Georgia Gov. Nathan Deal (R) signed a right-to-carry bill into law on Wednesday that allows weapons in some government buildings, places of worship, bars, and under certain circumstances, school zones—making it the “most comprehensive pro-gun bill in state history,” according to the NRA-ILA.
CNS News reports:
Under House Bill 60, also known as the Safe Carry Protection Act of 2014, school districts will get to decide whether to allow authorized personnel to carry weapons within school safety zones under certain circumstances.
In addition, church leaders will be able to decide whether to allow licensed gun owners to bring weapons into their place of worship. The law also removes fingerprinting requirements for renewal licenses.
“This legislation will protect the constitutional rights of Georgians who have gone through a background check to legally obtain a Georgia Weapons Carry License,” Deal said in a statement.

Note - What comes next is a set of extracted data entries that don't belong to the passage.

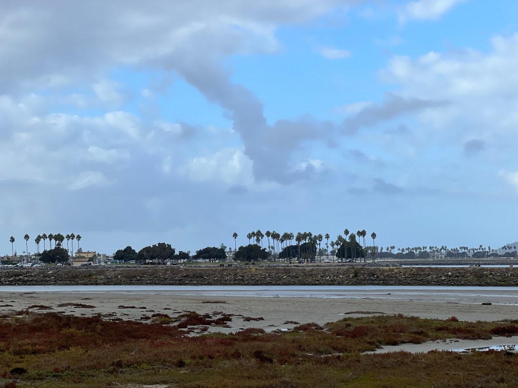 Overall this walk was nicer than last week’s route. It parallels Highway 8 (south) and Sea World Drive (north), but has unobstructed views of the river. I suspect the trees which are prevalent further up the river cannot tolerate the salt water.
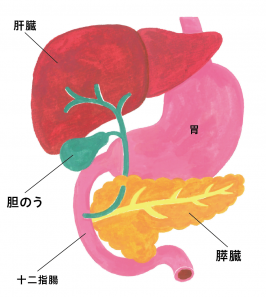 胃の後ろに位置し、「食べ物を消化する膵液をつくる」「血糖値を調節するインスリンなどのホルモンをつくる」という分泌機能を担う。膵臓をすべて失うと栄養消化と血糖値のコントロールも失われるため、薬やインスリン注射による補助が必要
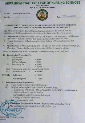 The Akwa Ibom State College of Nursing Sciences has announced the sales of form for admission of eligible candidates into the College for Basic Midwifery Programme.
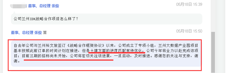 董事、总经理张俊在2022年度业绩说明会上表示,自去年公司与兰州科文旅签订《战略合作框架协议》以来,公司成立了专项小组,兰州大数据产业园项目基本按照此前订单的时间计划在推进,但是土建方面的进度匹配有待优化,公司今年将全力以赴完成该项目;目前三期的招标尚未开始,公司将密切关注该进展,一旦启动,及时推进。
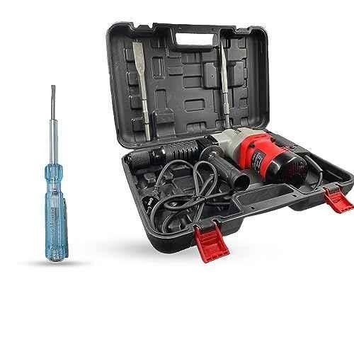 The Hillgrove HGCM1396 is a 1200W demolition hammer concrete breaker with 2 bits and a line tester. The demolition hammer delivers high-impact force for breaking concrete, stone, and masonry with ease. The included bits ensure precision and durability for tough tasks, while the line tester allows for safe electrical testing. Ideal for heavy-duty construction and renovation projects, this combo provides both power and safety for efficient work.
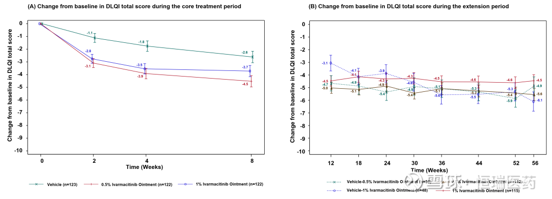 图5 核心治疗期和扩展期DLQI总分相对于基线的变化
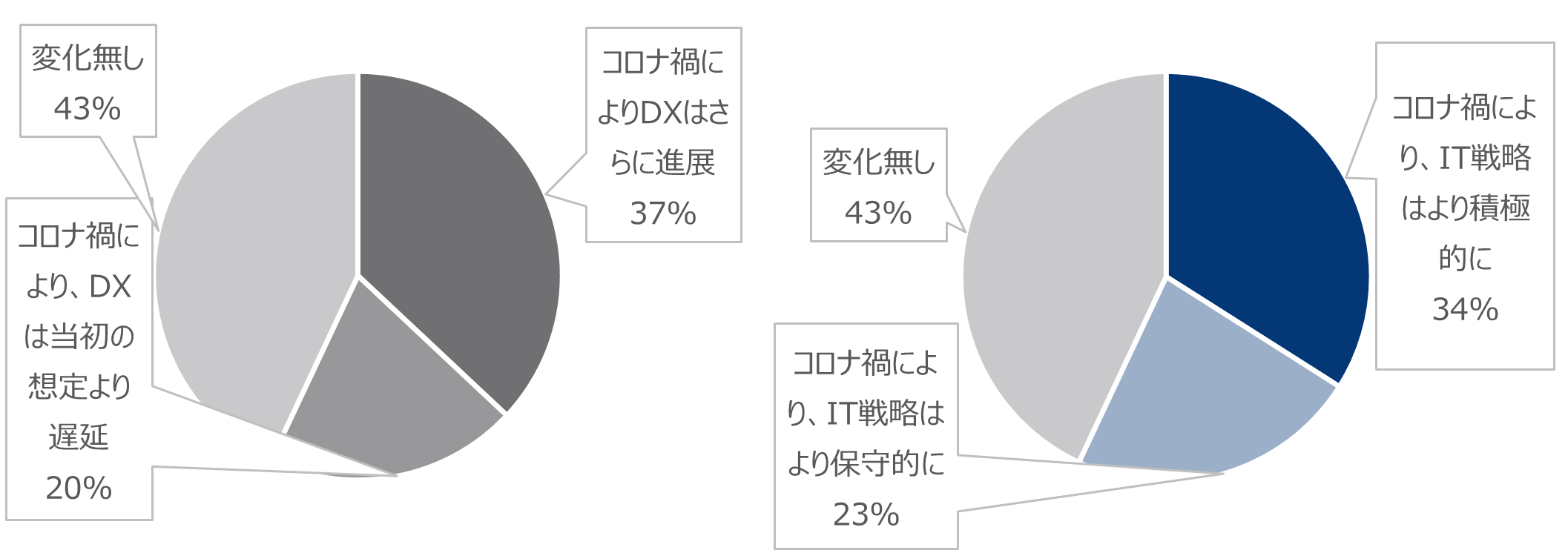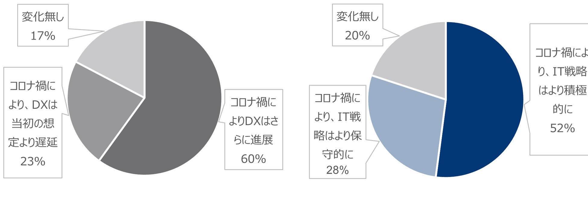 今回の調査での顕著なポイントとして、コロナ禍でのIT戦略やDXの推進に関する問いに対して、日本のIT意思決定者の最多回答がいずれも「変化無し」となりました。これに対して、他国のIT意思決定者の回答では、コロナ禍を通じてIT戦略とDXが「より積極的になった」が過半数を占めました。
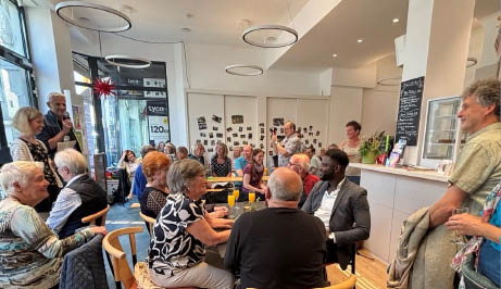 Die Mitarbeitenden überraschten den Jubilar und seine Frau mit gemeinsamen Erinnerungen und Fotos, Liedern und Gedichten. Dabei stand der Leitvers aus Jeremia 29,7 im Mittelpunkt: Der Stadt Bestes zu suchen und für sie zu beten.
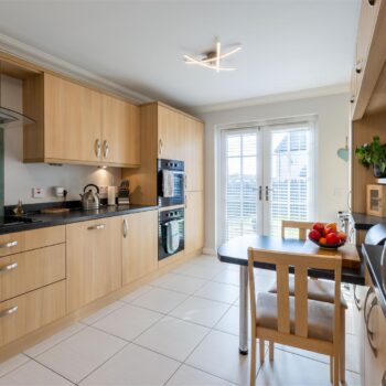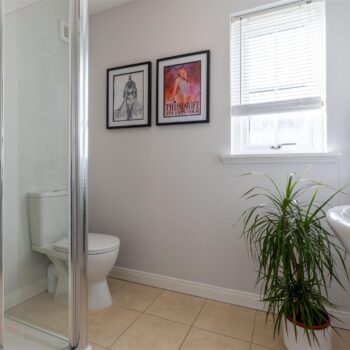 Upstairs, there are three generously sized bedrooms, with the principal bedroom benefiting from its own en-suite shower room. A modern family bathroom and excellent built-in storage complete the upper level. The property further benefits from oil-fired central heating and double glazing throughout.
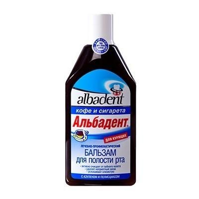 Гидратирует обезвоженную после курения полость рта. Имеет высокую очищающую способность от специфического зубного налта и эффективно освежает полость рта. Противовоспалительный бальзам для курящих «Альбадент" Кофе и сигарета рекомендуется использовать вместе с освежителем дыхания, компактным аксессуаром для делового общения с одноимнным названием.
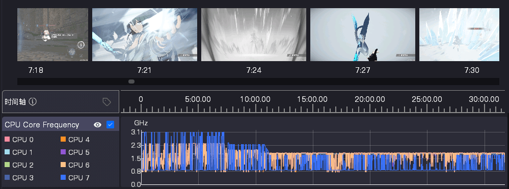 帧率下降常被归因于CPU发热降频。我们通过对比Gears采集的CPU频率与FPS曲线发现:虽然测试中CPU确实发生了降频,但降频的时间点与FPS开始波动的时间点并不吻合。
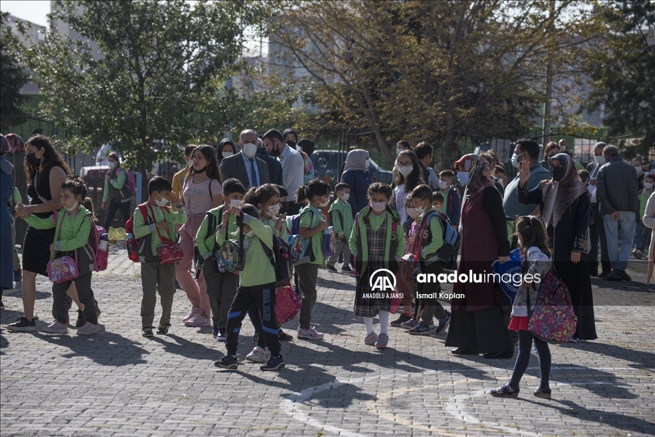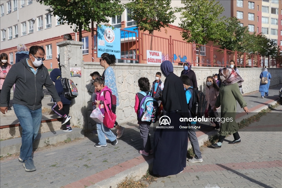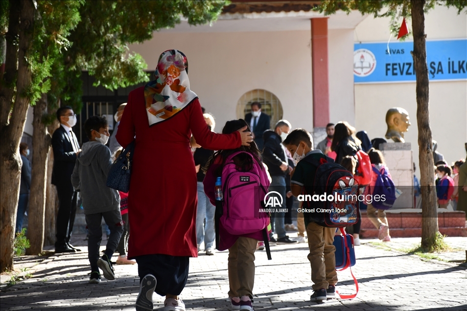 Türkiye genelinde Kovid-19 tedbirleri alınarak tüm hazırlıkların tamamlandığı okullarda bugünden itibaren haftada 5 gün yüz yüze eğitime başlandı. Sivas'ta da aileler, sabahın erken saatlerinde itibaren çocuklarıyla birlikte okul yolunu tuttu. Öğrenciler, ilk ders zilinin çalmasıyla salgın kuralları çerçevesinde sınıflara alındı. ( Göksel Cüneyt İğde - Anadolu Ajansı )Göksel Cüneyt İğde
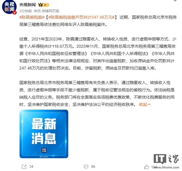 IT之家 12 月 5 日,据央视报道,国家税务总局北京市税务局第三稽查局近期依法查处网络车评人陈震偷税案件。
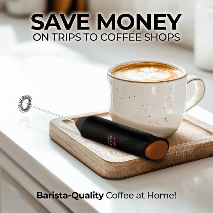 Zulay Powerful Milk Frother Wand - Mini Handheld Black & Copper Product Details Brand: Zulay Kitchen Special Feature: Powerful Motor Color: Black & Copper Material: Stainless Steel Recommended Uses For Product: All Types Model Name: FrothMate Milk Frother Included Components: Stand Not Included Product Care Instructions: Hand Wash Only Style: Mighty Frother Number of Batteries: 2 Number of settings: 2 Power Source: Battery Powered Wattage: 800 watts Manufacturer: Zulay Kitchen Package Dimensions: 9.06 x 1.65 x 1.3 inches Item Weight: 2.89 ounces Country of Origin: China Item model number: FrothMate Milk Frother POWERFUL FROTHING EXPERIENCE: Skip the coffee shop run and enjoy lattes, cappuccinos, matcha, hot chocolate, powdered drinks, or iced coffee at home with this milk frother. With a 13,000 RPM motor and 26 spiral rings, this coffee foam maker turns ordinary milk to frothy perfection in seconds. MATCHA, COFFEE, & MORE: This matcha whisk works better than a manual bamboo whisk for making matcha tea and works just as well for coffee. It is designed to work on all types of milk, such as half and half, soy, almond, oat, cashew, hazelnut, whole milk, low-fat, skim milk, and other dairy items like butter or cream. This also works great as a powder mixer and can even whisk eggs. EASY TO CLEAN AND STORE: This hand frother can be cleaned by placing the whisk under running water and briefly turning it on; wipe the handle with a damp cloth. The compact size of this milk foamer allows it to be stored in kitchen drawers without taking up too much space. SIMPLE TO USE: All it takes is pressing the on/off button to make a cup of frothy latte, mix protein powder, or even whisk up some eggs for a perfect omelet with this electric whisk. Make this drink mixer an addition to your coffee bar, or take it anywhere for a caffeine boost.
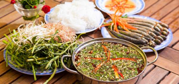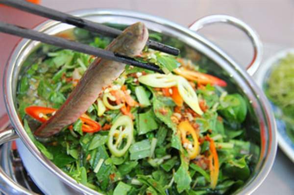 Món ăn tăng thêm phần hương vị khi dùng kèm với các loại rau: rau muống, hoa chuối bào, rau ngổ, ngò gai… bún tươi.
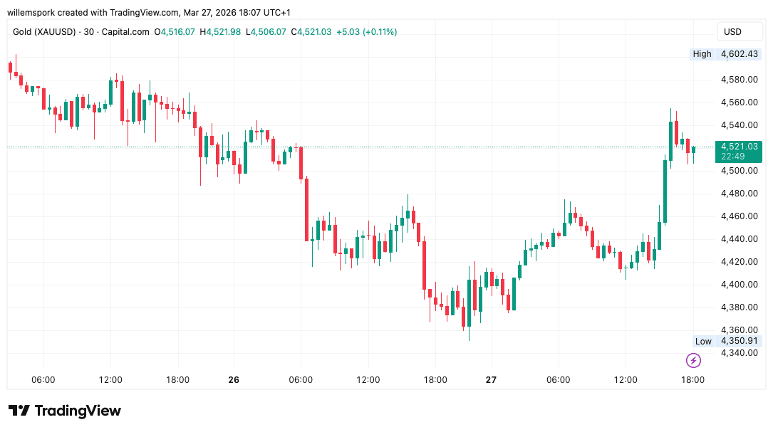 Op de grafiek is te zien dat goud recent nog rond de 4.350 dollar handelde, maar inmiddels stevig is opgeveerd richting de 4.500 dollar. Daarmee herstelt de markt een groot deel van de eerdere verliezen.
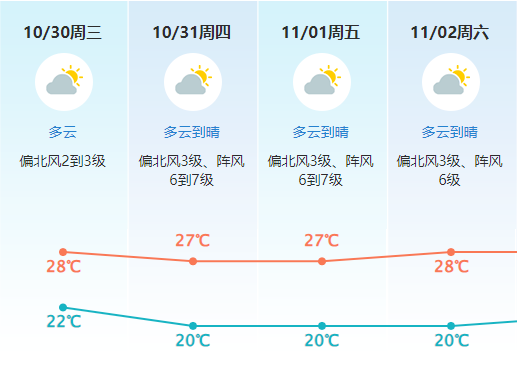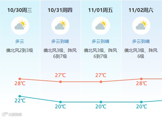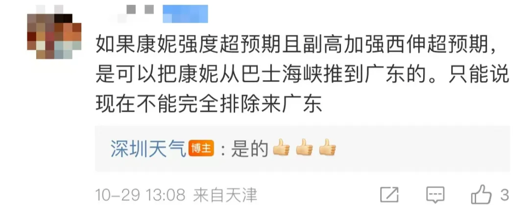 广东省气象部门预计,广东海面10月30日起风力加大,11月1日起粤东市县可能受“康妮”影响出现降水。
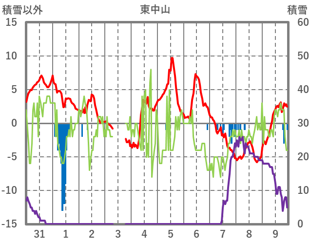 | 日 | 時 | 気温 | 降水 | 風向/風速 | 日照 | 積雪 | 降雪 |
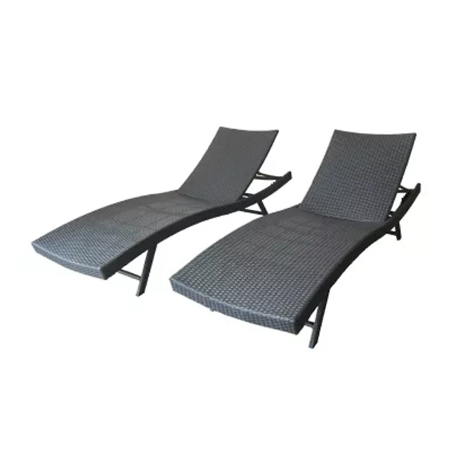 2 Pcs Patio Lounge Chair Chaise Adjustable Reclining Armrest

“Roughly 500,000 Georgia citizens have a permit of this kind, which is approximately 5 percent of our population. License holders have passed background checks and are in good standing with the law. This law gives added protections to those who have played by the rules – and who can protect themselves and others from those who don’t play by the rules,” he added. “Our nation’s founders put the right to bear arms on par with freedom of speech and freedom of religion. Georgians cherish their Second Amendment rights, and this law embodies those values.”
In the wake of the Newtown massacre last year, six states approved gun control bills, but things have since turned around. This year, pro-gun legislation is on the rise, as at least 30 states have passed legislation that advances gun rights, reports the Washington Times.
Kansas Gov. Sam Brownback, a Republican, announced Wednesday that he has signed a bill preventing local officials from restricting the sale of firearms and ammunition or regulating how guns are transported and stored, a measure designed to ensure that the state’s open-carry laws can effectively operate statewide.
South Carolina Gov. Nikki Haley, a Republican, signed a bill in February that lets concealed-carry permit holders bring guns into bars and restaurants. Three other states are considering similar measures, according to the Law Center to Prevent Gun Violence.
The Georgia law will take effect July 1.